## WHAT YOU HAVE TO DO
Repeat the entries below exactly, pictures excluded.

Segment Open

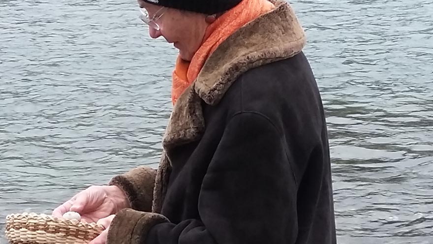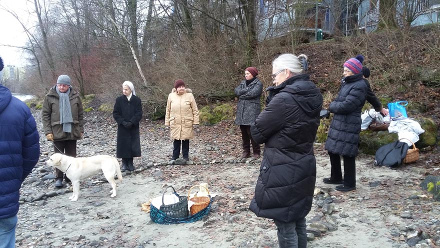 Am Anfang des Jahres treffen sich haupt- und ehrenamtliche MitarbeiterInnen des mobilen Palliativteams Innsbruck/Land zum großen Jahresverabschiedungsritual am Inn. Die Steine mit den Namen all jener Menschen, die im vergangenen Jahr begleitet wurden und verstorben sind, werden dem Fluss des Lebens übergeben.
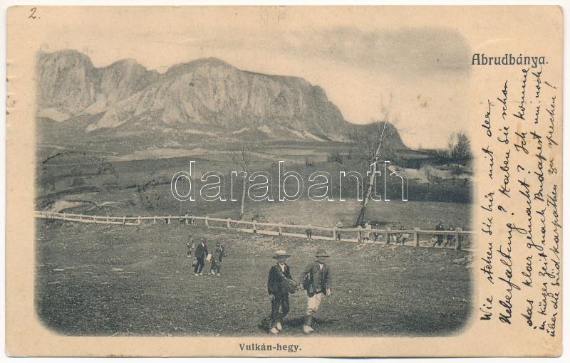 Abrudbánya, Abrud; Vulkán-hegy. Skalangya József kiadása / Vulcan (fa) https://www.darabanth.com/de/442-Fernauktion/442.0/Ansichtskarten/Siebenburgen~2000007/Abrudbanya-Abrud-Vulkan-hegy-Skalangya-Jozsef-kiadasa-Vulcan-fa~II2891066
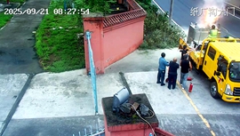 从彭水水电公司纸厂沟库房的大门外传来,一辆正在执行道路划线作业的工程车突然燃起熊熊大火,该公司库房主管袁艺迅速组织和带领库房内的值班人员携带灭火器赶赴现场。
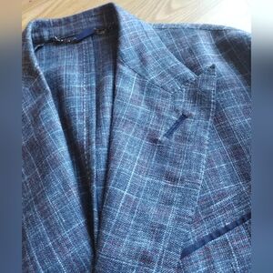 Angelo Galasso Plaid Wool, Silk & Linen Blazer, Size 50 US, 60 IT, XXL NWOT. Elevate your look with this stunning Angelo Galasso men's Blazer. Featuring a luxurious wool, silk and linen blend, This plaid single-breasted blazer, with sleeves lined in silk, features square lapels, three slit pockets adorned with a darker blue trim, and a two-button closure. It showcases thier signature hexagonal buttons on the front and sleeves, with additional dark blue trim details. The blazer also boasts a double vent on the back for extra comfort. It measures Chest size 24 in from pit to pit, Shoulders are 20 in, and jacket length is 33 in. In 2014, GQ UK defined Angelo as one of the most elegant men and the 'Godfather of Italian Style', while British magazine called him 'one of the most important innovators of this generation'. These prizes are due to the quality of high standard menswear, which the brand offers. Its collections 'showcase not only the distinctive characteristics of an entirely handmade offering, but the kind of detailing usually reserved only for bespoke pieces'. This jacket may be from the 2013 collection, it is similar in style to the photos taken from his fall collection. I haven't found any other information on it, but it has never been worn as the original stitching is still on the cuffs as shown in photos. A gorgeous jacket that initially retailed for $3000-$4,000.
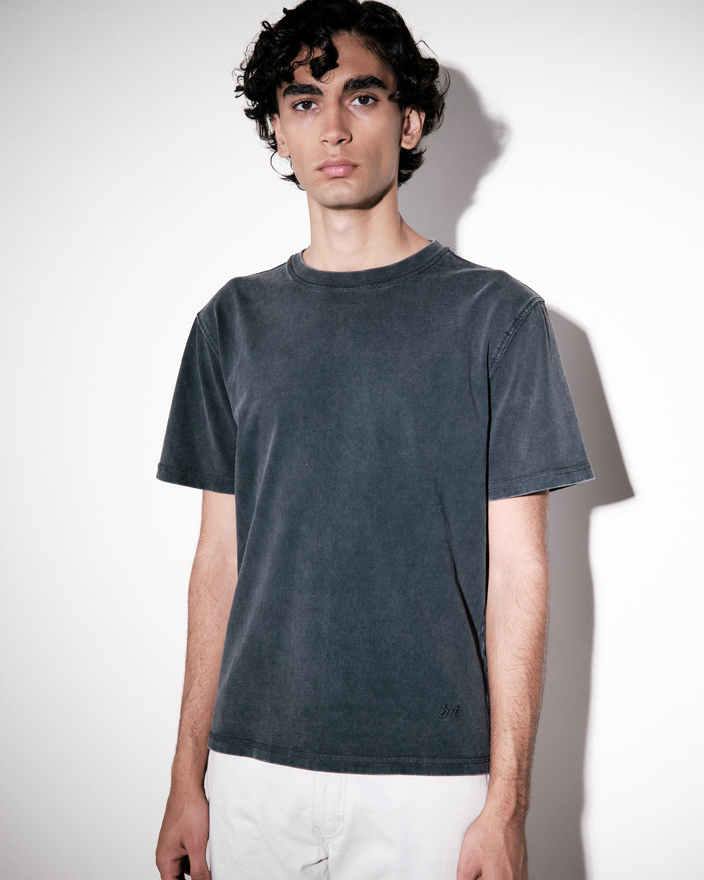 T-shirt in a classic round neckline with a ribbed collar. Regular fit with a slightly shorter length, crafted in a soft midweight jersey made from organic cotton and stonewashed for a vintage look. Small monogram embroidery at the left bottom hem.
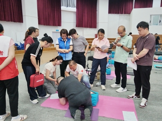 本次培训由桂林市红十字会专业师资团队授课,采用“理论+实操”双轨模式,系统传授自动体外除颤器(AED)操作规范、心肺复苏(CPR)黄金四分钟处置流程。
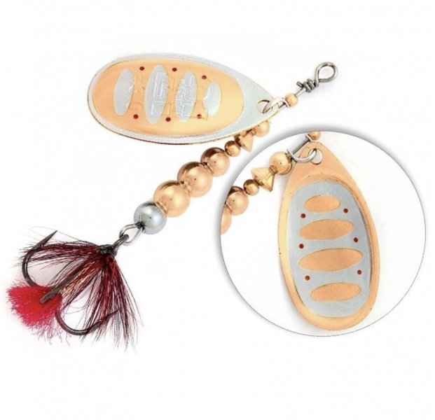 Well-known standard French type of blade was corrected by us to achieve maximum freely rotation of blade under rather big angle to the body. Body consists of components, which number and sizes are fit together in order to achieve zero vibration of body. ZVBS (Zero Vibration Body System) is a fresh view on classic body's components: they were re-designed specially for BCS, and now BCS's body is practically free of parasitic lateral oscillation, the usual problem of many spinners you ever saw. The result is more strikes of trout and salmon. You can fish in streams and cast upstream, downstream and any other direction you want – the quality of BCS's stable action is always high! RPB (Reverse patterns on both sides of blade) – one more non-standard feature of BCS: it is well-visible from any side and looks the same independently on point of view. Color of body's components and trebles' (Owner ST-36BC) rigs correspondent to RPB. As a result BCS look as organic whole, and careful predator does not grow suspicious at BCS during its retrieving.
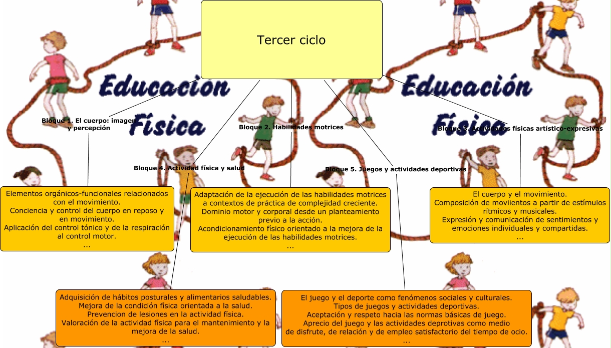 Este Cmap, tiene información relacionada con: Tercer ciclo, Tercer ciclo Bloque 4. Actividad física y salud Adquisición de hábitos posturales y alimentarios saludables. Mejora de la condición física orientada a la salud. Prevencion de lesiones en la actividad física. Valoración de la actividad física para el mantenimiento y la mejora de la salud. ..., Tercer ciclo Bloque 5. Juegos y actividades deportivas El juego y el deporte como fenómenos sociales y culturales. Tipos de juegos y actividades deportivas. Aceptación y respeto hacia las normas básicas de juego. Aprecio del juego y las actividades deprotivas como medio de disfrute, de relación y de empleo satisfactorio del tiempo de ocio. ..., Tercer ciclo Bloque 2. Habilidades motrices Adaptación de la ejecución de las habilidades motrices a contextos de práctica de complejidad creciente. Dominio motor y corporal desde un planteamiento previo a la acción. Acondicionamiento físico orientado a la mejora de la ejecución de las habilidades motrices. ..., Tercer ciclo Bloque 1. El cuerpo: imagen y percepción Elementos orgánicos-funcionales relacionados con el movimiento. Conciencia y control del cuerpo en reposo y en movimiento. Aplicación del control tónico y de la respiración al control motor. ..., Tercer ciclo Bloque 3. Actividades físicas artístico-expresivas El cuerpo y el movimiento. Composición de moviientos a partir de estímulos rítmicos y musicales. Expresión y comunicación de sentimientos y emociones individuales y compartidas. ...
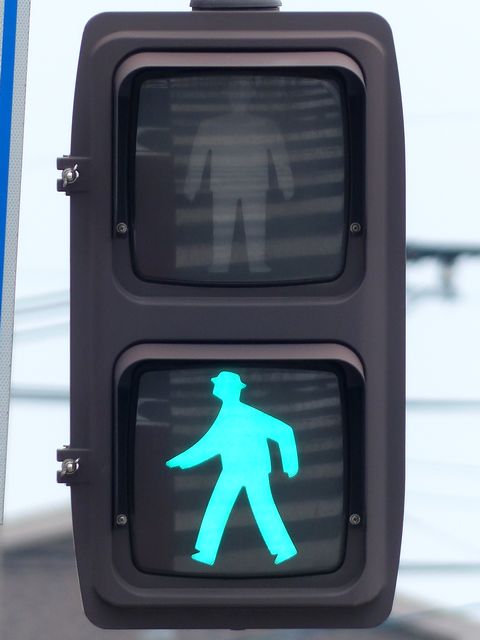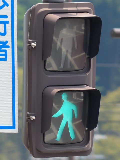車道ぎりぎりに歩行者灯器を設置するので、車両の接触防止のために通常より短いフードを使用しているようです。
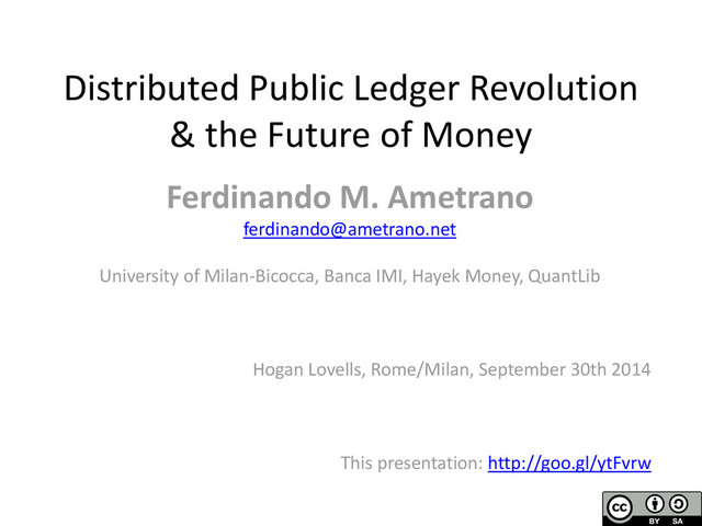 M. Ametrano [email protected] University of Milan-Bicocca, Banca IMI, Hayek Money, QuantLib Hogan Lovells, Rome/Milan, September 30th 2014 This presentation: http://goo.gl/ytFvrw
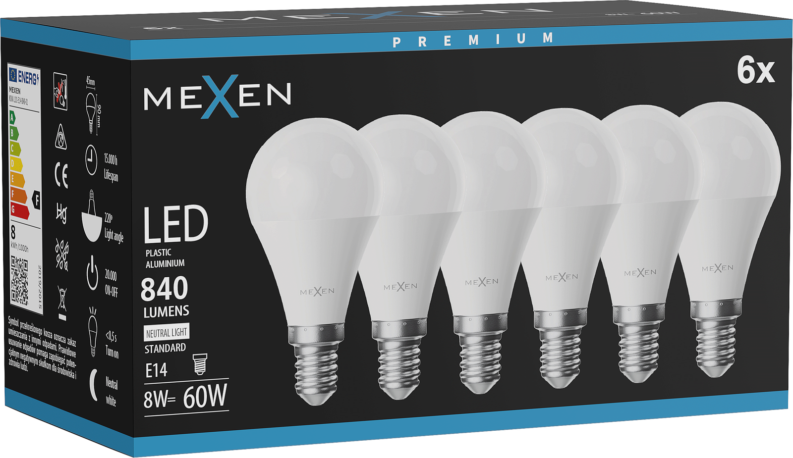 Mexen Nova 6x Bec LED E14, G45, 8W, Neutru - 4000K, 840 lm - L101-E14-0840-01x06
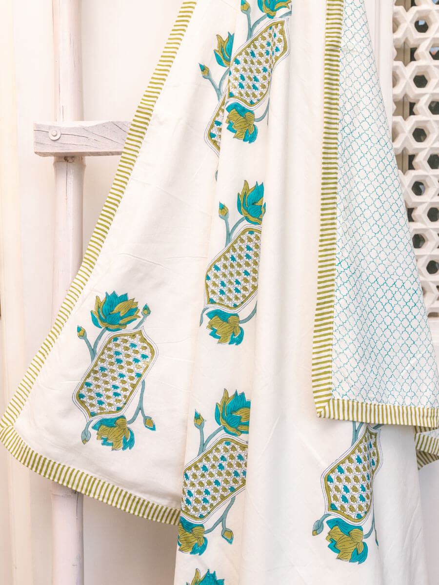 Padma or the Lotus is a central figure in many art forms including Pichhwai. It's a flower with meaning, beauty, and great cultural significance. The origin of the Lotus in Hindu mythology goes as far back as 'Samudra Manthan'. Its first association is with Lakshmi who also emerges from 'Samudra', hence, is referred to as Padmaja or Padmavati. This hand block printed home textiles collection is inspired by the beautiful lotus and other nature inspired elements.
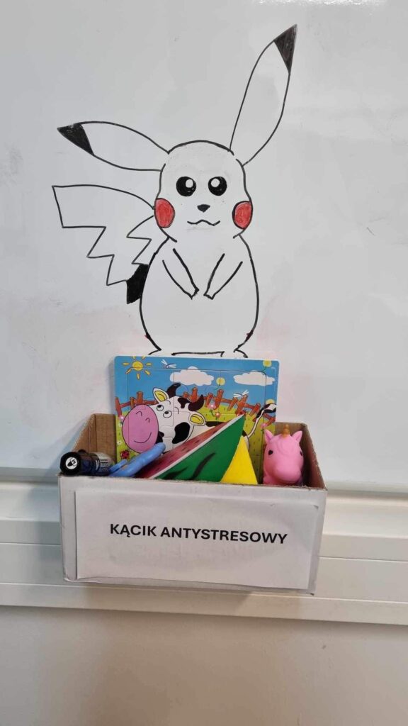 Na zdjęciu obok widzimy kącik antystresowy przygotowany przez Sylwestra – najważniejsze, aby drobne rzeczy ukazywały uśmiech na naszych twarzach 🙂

Segment Closed

## SOLUTION TO THIS TASK
 Am Anfang des Jahres treffen sich haupt- und ehrenamtliche MitarbeiterInnen des mobilen Palliativteams Innsbruck/Land zum großen Jahresverabschiedungsritual am Inn. Die Steine mit den Namen all jener Menschen, die im vergangenen Jahr begleitet wurden und verstorben sind, werden dem Fluss des Lebens übergeben.
 Abrudbánya, Abrud; Vulkán-hegy. Skalangya József kiadása / Vulcan (fa) https://www.darabanth.com/de/442-Fernauktion/442.0/Ansichtskarten/Siebenburgen~2000007/Abrudbanya-Abrud-Vulkan-hegy-Skalangya-Jozsef-kiadasa-Vulcan-fa~II2891066
 从彭水水电公司纸厂沟库房的大门外传来,一辆正在执行道路划线作业的工程车突然燃起熊熊大火,该公司库房主管袁艺迅速组织和带领库房内的值班人员携带灭火器赶赴现场。
 Angelo Galasso Plaid Wool, Silk & Linen Blazer, Size 50 US, 60 IT, XXL NWOT. Elevate your look with this stunning Angelo Galasso men's Blazer. Featuring a luxurious wool, silk and linen blend, This plaid single-breasted blazer, with sleeves lined in silk, features square lapels, three slit pockets adorned with a darker blue trim, and a two-button closure. It showcases thier signature hexagonal buttons on the front and sleeves, with additional dark blue trim details. The blazer also boasts a double vent on the back for extra comfort. It measures Chest size 24 in from pit to pit, Shoulders are 20 in, and jacket length is 33 in. In 2014, GQ UK defined Angelo as one of the most elegant men and the 'Godfather of Italian Style', while British magazine called him 'one of the most important innovators of this generation'. These prizes are due to the quality of high standard menswear, which the brand offers. Its collections 'showcase not only the distinctive characteristics of an entirely handmade offering, but the kind of detailing usually reserved only for bespoke pieces'. This jacket may be from the 2013 collection, it is similar in style to the photos taken from his fall collection. I haven't found any other information on it, but it has never been worn as the original stitching is still on the cuffs as shown in photos. A gorgeous jacket that initially retailed for $3000-$4,000.
 T-shirt in a classic round neckline with a ribbed collar. Regular fit with a slightly shorter length, crafted in a soft midweight jersey made from organic cotton and stonewashed for a vintage look. Small monogram embroidery at the left bottom hem.
 本次培训由桂林市红十字会专业师资团队授课,采用“理论+实操”双轨模式,系统传授自动体外除颤器(AED)操作规范、心肺复苏(CPR)黄金四分钟处置流程。
 Well-known standard French type of blade was corrected by us to achieve maximum freely rotation of blade under rather big angle to the body. Body consists of components, which number and sizes are fit together in order to achieve zero vibration of body. ZVBS (Zero Vibration Body System) is a fresh view on classic body's components: they were re-designed specially for BCS, and now BCS's body is practically free of parasitic lateral oscillation, the usual problem of many spinners you ever saw. The result is more strikes of trout and salmon. You can fish in streams and cast upstream, downstream and any other direction you want – the quality of BCS's stable action is always high! RPB (Reverse patterns on both sides of blade) – one more non-standard feature of BCS: it is well-visible from any side and looks the same independently on point of view. Color of body's components and trebles' (Owner ST-36BC) rigs correspondent to RPB. As a result BCS look as organic whole, and careful predator does not grow suspicious at BCS during its retrieving.
 Este Cmap, tiene información relacionada con: Tercer ciclo, Tercer ciclo Bloque 4. Actividad física y salud Adquisición de hábitos posturales y alimentarios saludables. Mejora de la condición física orientada a la salud. Prevencion de lesiones en la actividad física. Valoración de la actividad física para el mantenimiento y la mejora de la salud. ..., Tercer ciclo Bloque 5. Juegos y actividades deportivas El juego y el deporte como fenómenos sociales y culturales. Tipos de juegos y actividades deportivas. Aceptación y respeto hacia las normas básicas de juego. Aprecio del juego y las actividades deprotivas como medio de disfrute, de relación y de empleo satisfactorio del tiempo de ocio. ..., Tercer ciclo Bloque 2. Habilidades motrices Adaptación de la ejecución de las habilidades motrices a contextos de práctica de complejidad creciente. Dominio motor y corporal desde un planteamiento previo a la acción. Acondicionamiento físico orientado a la mejora de la ejecución de las habilidades motrices. ..., Tercer ciclo Bloque 1. El cuerpo: imagen y percepción Elementos orgánicos-funcionales relacionados con el movimiento. Conciencia y control del cuerpo en reposo y en movimiento. Aplicación del control tónico y de la respiración al control motor. ..., Tercer ciclo Bloque 3. Actividades físicas artístico-expresivas El cuerpo y el movimiento. Composición de moviientos a partir de estímulos rítmicos y musicales. Expresión y comunicación de sentimientos y emociones individuales y compartidas. ...
車道ぎりぎりに歩行者灯器を設置するので、車両の接触防止のために通常より短いフードを使用しているようです。
 M. Ametrano [email protected] University of Milan-Bicocca, Banca IMI, Hayek Money, QuantLib Hogan Lovells, Rome/Milan, September 30th 2014 This presentation: http://goo.gl/ytFvrw
 Mexen Nova 6x Bec LED E14, G45, 8W, Neutru - 4000K, 840 lm - L101-E14-0840-01x06
 Padma or the Lotus is a central figure in many art forms including Pichhwai. It's a flower with meaning, beauty, and great cultural significance. The origin of the Lotus in Hindu mythology goes as far back as 'Samudra Manthan'. Its first association is with Lakshmi who also emerges from 'Samudra', hence, is referred to as Padmaja or Padmavati. This hand block printed home textiles collection is inspired by the beautiful lotus and other nature inspired elements.
 Na zdjęciu obok widzimy kącik antystresowy przygotowany przez Sylwestra – najważniejsze, aby drobne rzeczy ukazywały uśmiech na naszych twarzach 🙂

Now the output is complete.